The grouped classes GLeu and GLti cover an area of 59.46 km² (corresponding to 25.68%). In this unit, the soils found have gleyic properties. These soils often have mottles or variegated colors and can assume any hues and values as long as the chroma is less than or equal to 2.
Classes MD and SB extended for 27.59 km² (11.91%) and 37.99 km³ (16.41%), respectively. Mobile dunes are large, individual moving masses of sand, consisting of simple and/or composite wind dunes, as well as large strips of sand stretched near the beach line. The sandspits and beach are accumulations of sand located between the base of the modal waves and the boundary of the beach, deposited mainly by the waves, but are also influenced by the tides and the local topography.

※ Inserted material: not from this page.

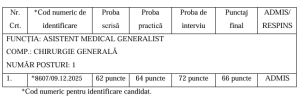 Rezultat final concurs „asistent medical generalist – chirurgie generală” la Spitalul Orășenesc Deta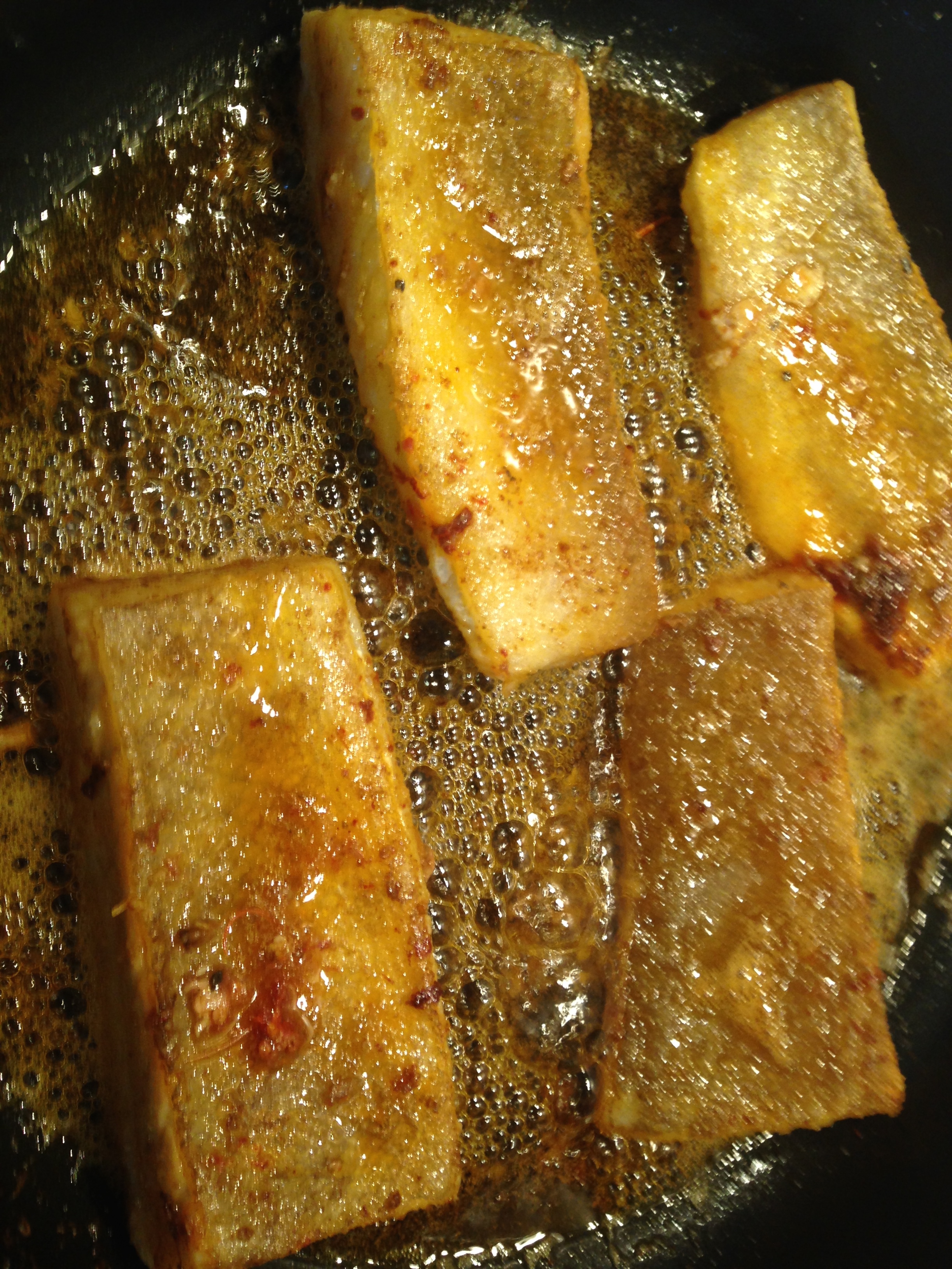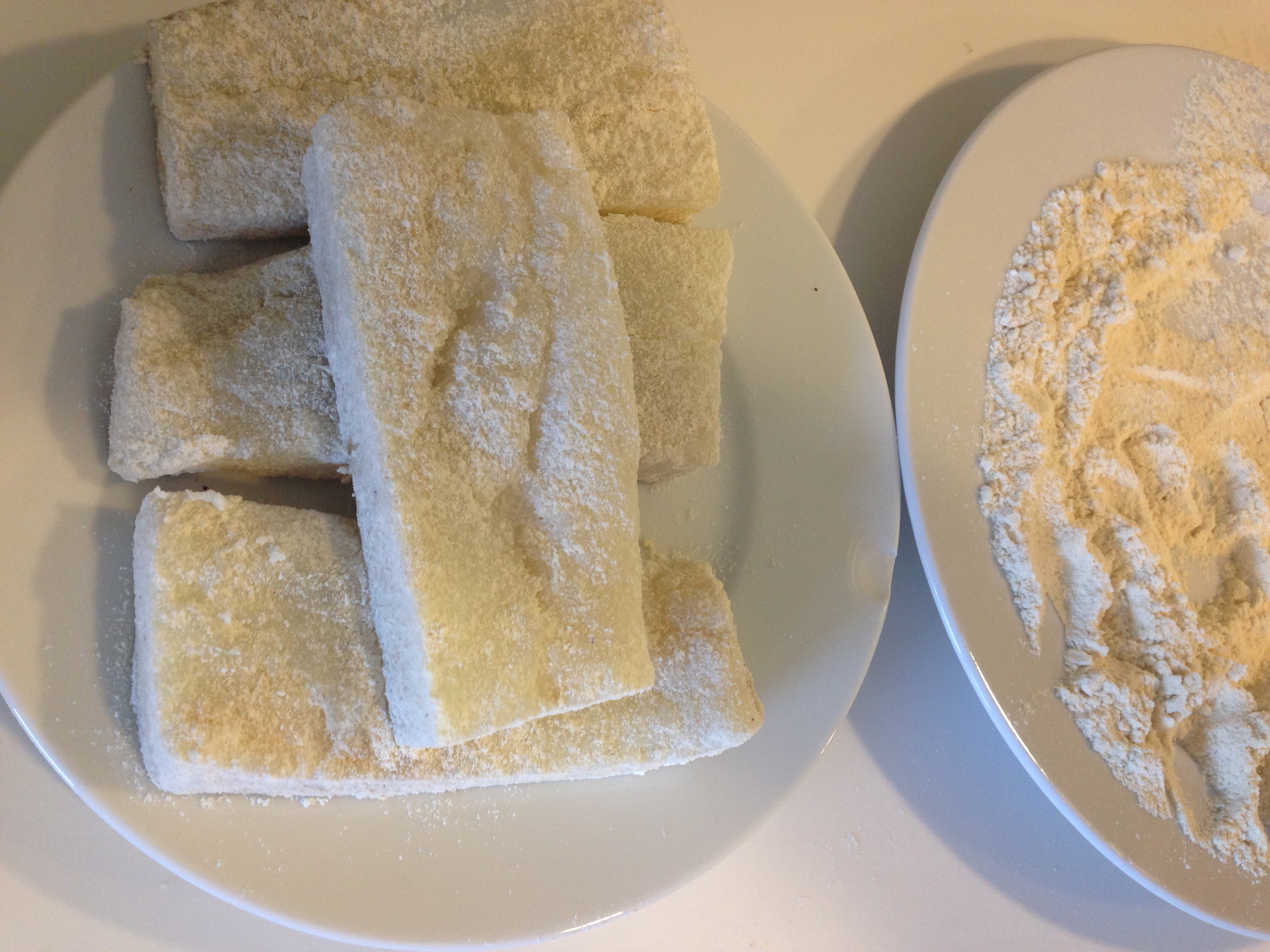 Dos días antes cortamos los lomos en trozos más pequeños y los ponemos a desalar durante 48 horas, cambiándoles el agua cada 8 horas y con la piel hacia arriba.

Regarding the accuracy of the mapping, the validation by means of an error matrix, expressed in Table 4 showed overall accuracy of 61.90%, higher than that of the previous map. The same is true for kappa, which for this map reached 0.52, a good agreement according to criteria of Landis and Koch (1977).
It is worth mentioning that, according to Ten Caten (2011), the mean value of kappa index in studies conducted in Brazil is 0.47. This value is higher than that reported in the international literature, for example, 0.39 for flat areas, reported by Hengl and Rossiter (2003).
The map generated from data matrix 2 is represented in Fig. 8. Based on the image, it was verified that the most comprehensive class for the study area was sand texture soils - AR, with about 90.31 km² (39%). The second most comprehensive class was that of soils originated from alluvial sediments, of indiscriminate texture - FL, with 60.24 km², corresponding to 26% of the area.
The class of soils with gleyc characteristics – GL represents 19.4% of the area (approximately 44.91 km²). Most of these soils are representative of the fluvial-marine plain areas (mangrove forest areas) that are subjected to strong influence from the Parnaíba River, its tributary, the Igaraçu River, and the Atlantic Ocean. Classes MD and SB extended for 22.99 km² (9.9%) and 13 km³ (5.6%), respectively.
The error matrix of the digital map generated from matrix 2 is found in Table 5. The overall accuracy was 67% and the kappa index was 0.57, indicating good agreement according to the adopted criteria for evaluating the accuracy.